Data entries:
____
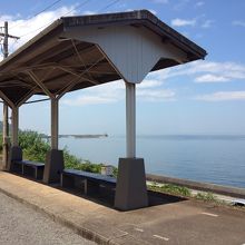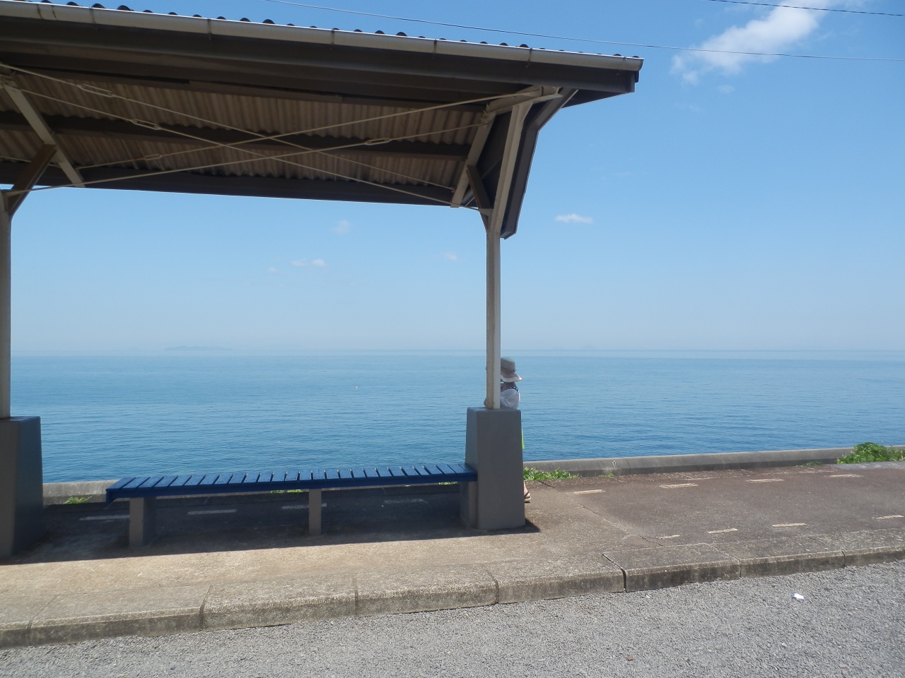 ず~と右は海、左はJRの線路が並走している のどかな風景が続きます。
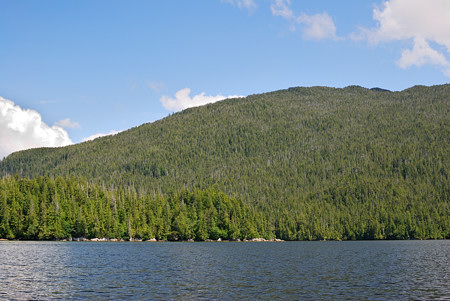 I paddled by nice second growth forest on my way out. It reminded me of Indian Arm by Vancouver. The difference of course being that there was no one here; I was totally alone.
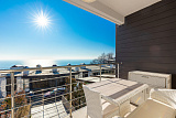 Сама квартира очень уютная и просторная, грамотно распланирована: кухня-гостиная с выходом на открытую террасу с видом на морское побережье, две полноценные спальные комнаты, одна спальня с собственной гардеробной и балконом, совмещенный санузел, отдельная постирочная комната и прихожая.
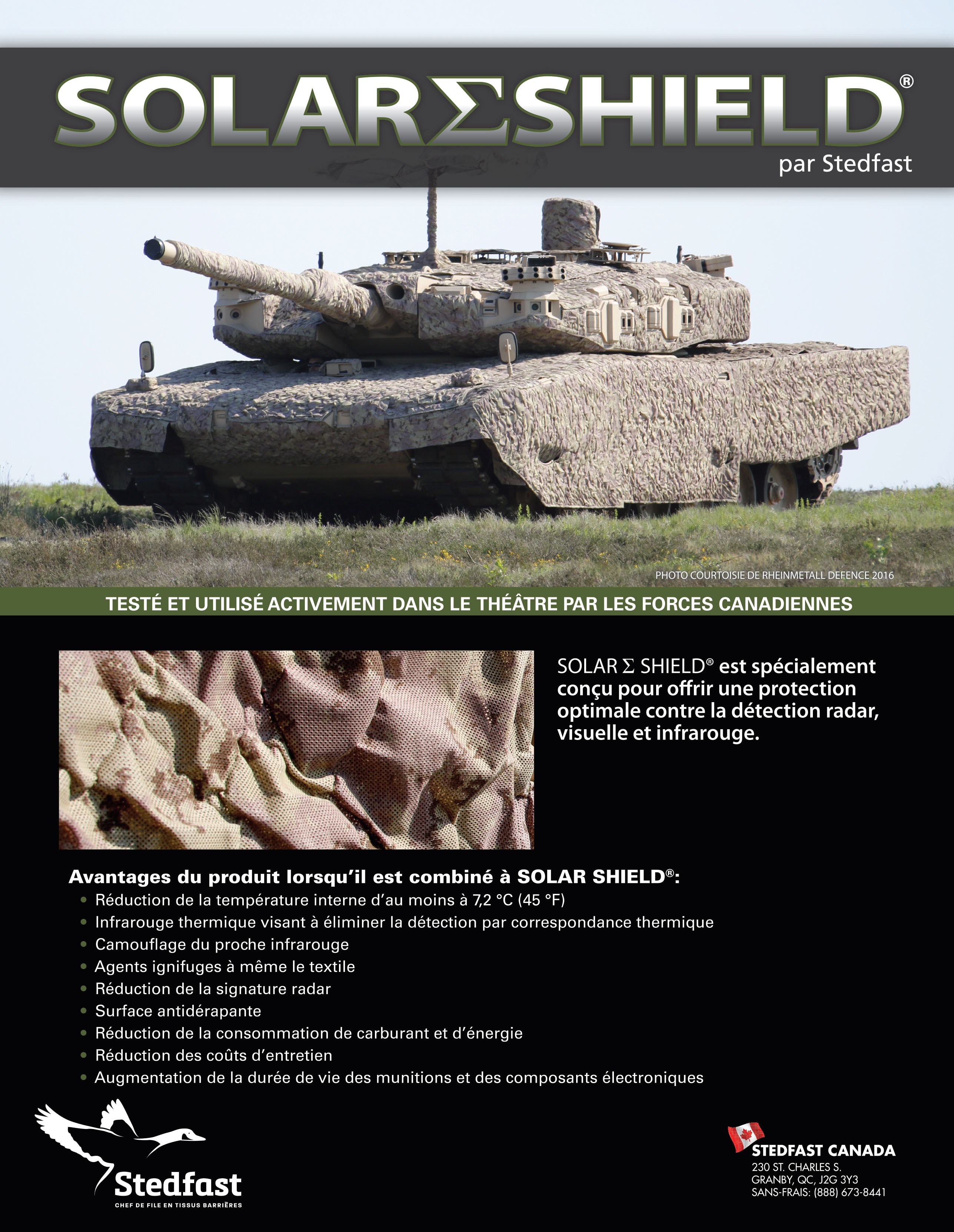 Le textile à blindage solaire Solar Shield consiste en une matrice laminée tridimensionnelle à multiples couches réduisant la chaleur et la charge thermique des structures.
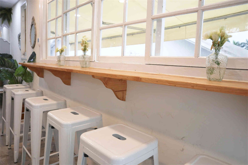 集裝箱內的空間不大,但使用靠墻的長桌和高腳椅可以節省不少空間,并且箱身上開設了大面積的玻璃窗,減少狹小空間帶來的局促感。為了讓游客可以拍照打卡,集裝箱內還特別設計了INS風墻,搭配可愛的標語,處處都是小驚喜布置。
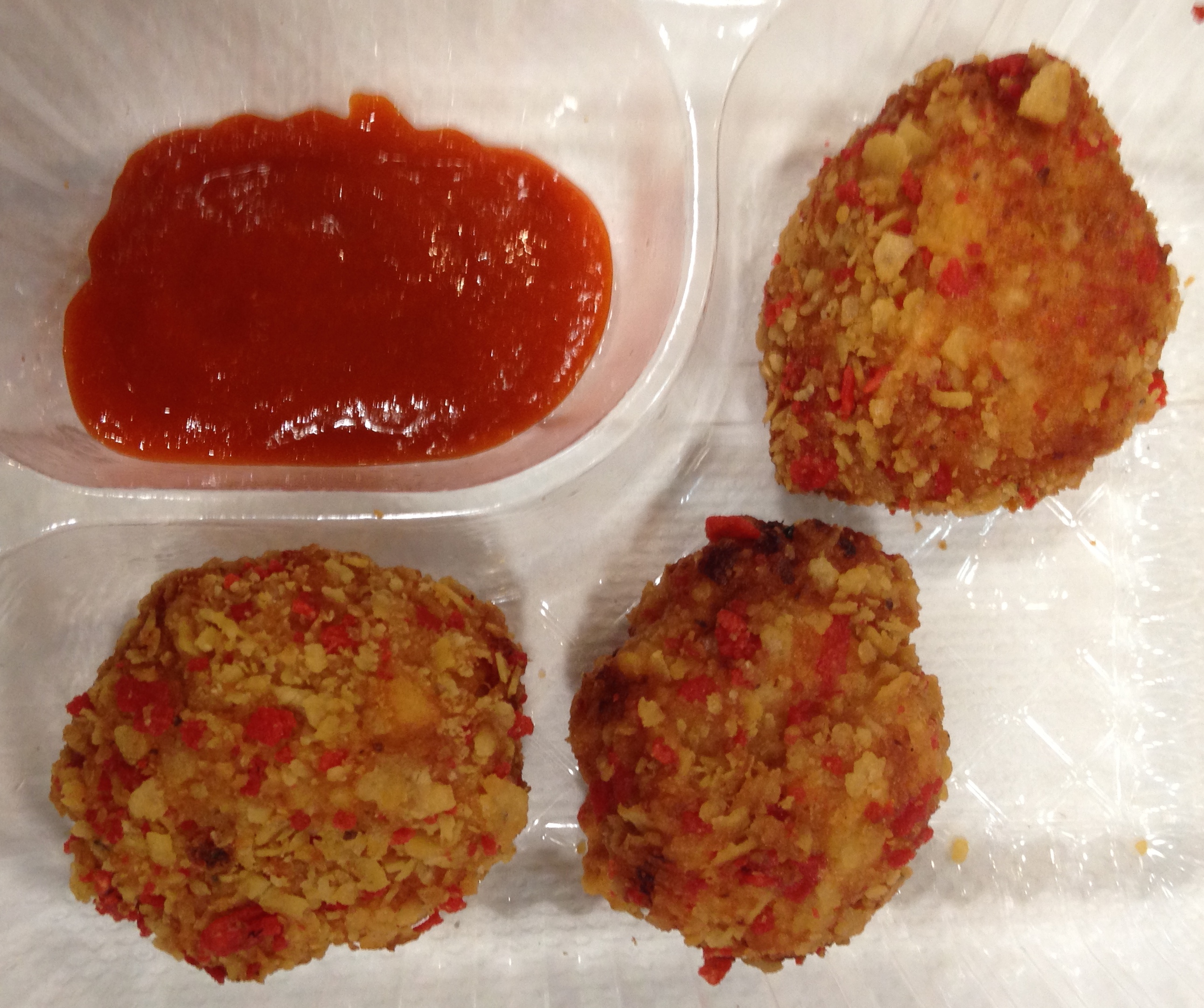 Speaking of winners, I should get you caught up on the other finalists. One was a chicken fried loaded baked potato. Sort of. It was indeed the insides of a baked potato with butter, bacon and cheddar, dipped in seasoned flour and fried. Around the corner were the Sriracha balls. I was a little nervous, what with my taste buds being tender (as we all know by now). But as hot sauces go, I do like the flavor of Sriracha. There was potential. This was a ball of shredded chicken, corn, green chilies and tomatoes- and of course, Sriracha – that had been rolled in crushed tortilla chips (a unique twist) and fried. Though they were a nudge higher on the spicy scale than I usually choose, I loved the concept.
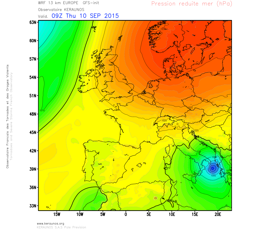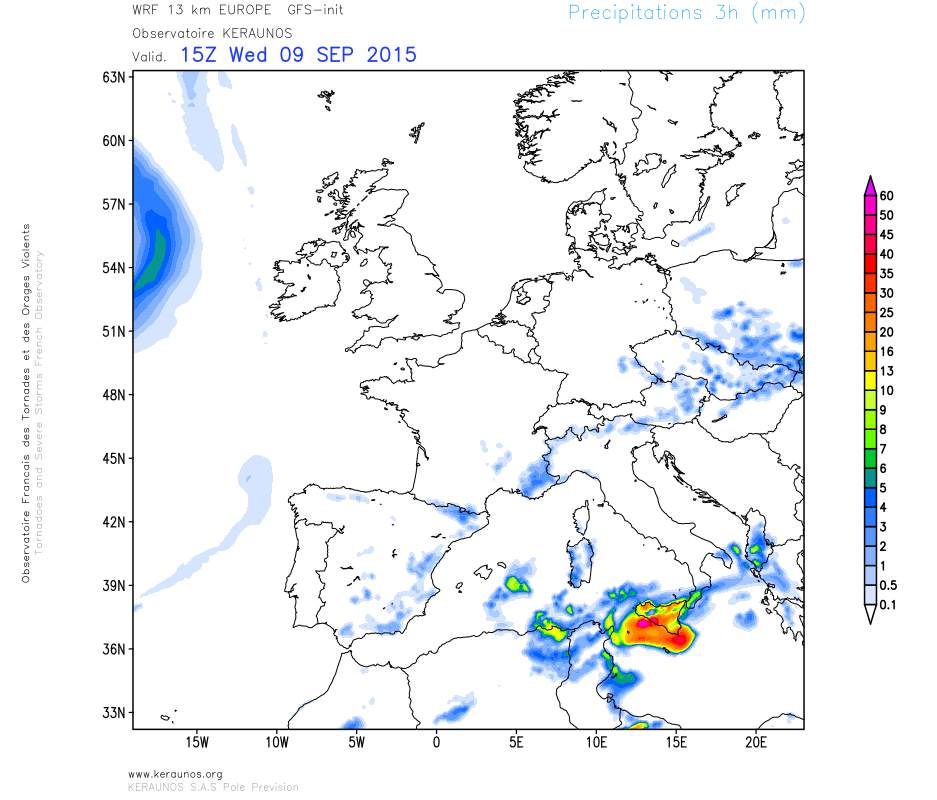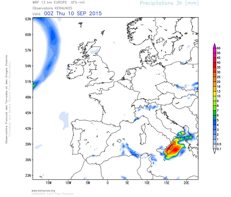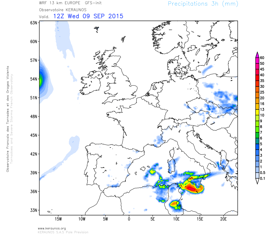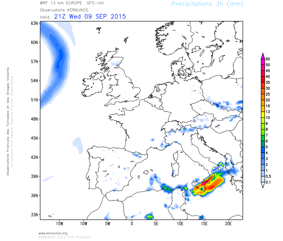 Il maltempo inizierà a fare sul serio nel pomeriggio/sera di martedì 8 settembre, con le prime forti piogge in Sardegna, Sicilia e Calabria meridionale. Le correnti inizieranno a disporsi al suolo dai quadranti orientali, quindi le precipitazioni saranno più intense nelle zone joniche della Sicilia. Nella serata di martedì 8 il maltempo diventerà particolarmente violento con nubifragi in tutta la Sicilia. Nella notte successiva i fenomeni si intensificheranno ulteriormente mentre il ciclone inizierà la sua risalita nel Canale di Sicilia passando su Malta e portandosi poi nella giornata di mercoledì 9 fin nel mar Jonio.
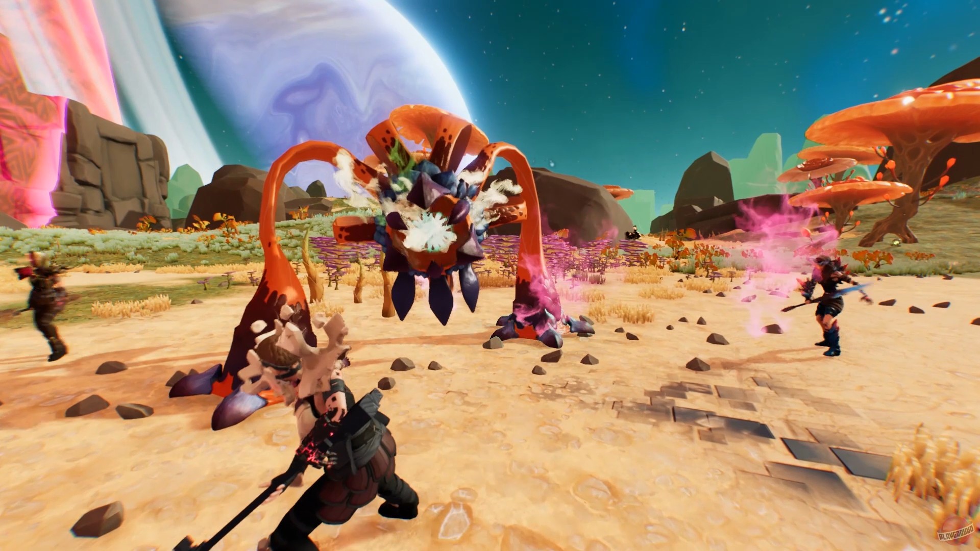Ваш путь в Eden Rising начинается с простого: исследуйте огромный, красочный и опасный открытый мир, собирайте ресурсы, крафтите всё — от примитивного топора до продвинутого энергетического оружия, и прокачивайте своего персонажа. Но главная фишка игры — это режимы защиты. В определённые моменты на ваши базы обрушиваются волны врагов, и тут-то и начинается самое интересное. Вам предстоит не просто стоять и стрелять, а заранее продумывать тактику обороны: где поставить пулемётную башню, а где — замедляющее поле? Как лучше всего использовать рельеф местности? Этот геймплей отлично раскрывается в кооперативе, ведь вместе с друзьями (до 8 игроков!) защищать свои позиции гораздо веселее и эффективнее. Отзывы игроков часто отмечают, что именно совместная игра делает Eden Rising по-настоящему увлекательной.
____
To do -
Go through the records and repeat each one exactly, skipping anything that is a picture.

Exercise answer -
 ず~と右は海、左はJRの線路が並走している のどかな風景が続きます。
 I paddled by nice second growth forest on my way out. It reminded me of Indian Arm by Vancouver. The difference of course being that there was no one here; I was totally alone.
 Сама квартира очень уютная и просторная, грамотно распланирована: кухня-гостиная с выходом на открытую террасу с видом на морское побережье, две полноценные спальные комнаты, одна спальня с собственной гардеробной и балконом, совмещенный санузел, отдельная постирочная комната и прихожая.
 Le textile à blindage solaire Solar Shield consiste en une matrice laminée tridimensionnelle à multiples couches réduisant la chaleur et la charge thermique des structures.
 集裝箱內的空間不大,但使用靠墻的長桌和高腳椅可以節省不少空間,并且箱身上開設了大面積的玻璃窗,減少狹小空間帶來的局促感。為了讓游客可以拍照打卡,集裝箱內還特別設計了INS風墻,搭配可愛的標語,處處都是小驚喜布置。
 Speaking of winners, I should get you caught up on the other finalists. One was a chicken fried loaded baked potato. Sort of. It was indeed the insides of a baked potato with butter, bacon and cheddar, dipped in seasoned flour and fried. Around the corner were the Sriracha balls. I was a little nervous, what with my taste buds being tender (as we all know by now). But as hot sauces go, I do like the flavor of Sriracha. There was potential. This was a ball of shredded chicken, corn, green chilies and tomatoes- and of course, Sriracha – that had been rolled in crushed tortilla chips (a unique twist) and fried. Though they were a nudge higher on the spicy scale than I usually choose, I loved the concept.
 Il maltempo inizierà a fare sul serio nel pomeriggio/sera di martedì 8 settembre, con le prime forti piogge in Sardegna, Sicilia e Calabria meridionale. Le correnti inizieranno a disporsi al suolo dai quadranti orientali, quindi le precipitazioni saranno più intense nelle zone joniche della Sicilia. Nella serata di martedì 8 il maltempo diventerà particolarmente violento con nubifragi in tutta la Sicilia. Nella notte successiva i fenomeni si intensificheranno ulteriormente mentre il ciclone inizierà la sua risalita nel Canale di Sicilia passando su Malta e portandosi poi nella giornata di mercoledì 9 fin nel mar Jonio.
Ваш путь в Eden Rising начинается с простого: исследуйте огромный, красочный и опасный открытый мир, собирайте ресурсы, крафтите всё — от примитивного топора до продвинутого энергетического оружия, и прокачивайте своего персонажа. Но главная фишка игры — это режимы защиты. В определённые моменты на ваши базы обрушиваются волны врагов, и тут-то и начинается самое интересное. Вам предстоит не просто стоять и стрелять, а заранее продумывать тактику обороны: где поставить пулемётную башню, а где — замедляющее поле? Как лучше всего использовать рельеф местности? Этот геймплей отлично раскрывается в кооперативе, ведь вместе с друзьями (до 8 игроков!) защищать свои позиции гораздо веселее и эффективнее. Отзывы игроков часто отмечают, что именно совместная игра делает Eden Rising по-настоящему увлекательной.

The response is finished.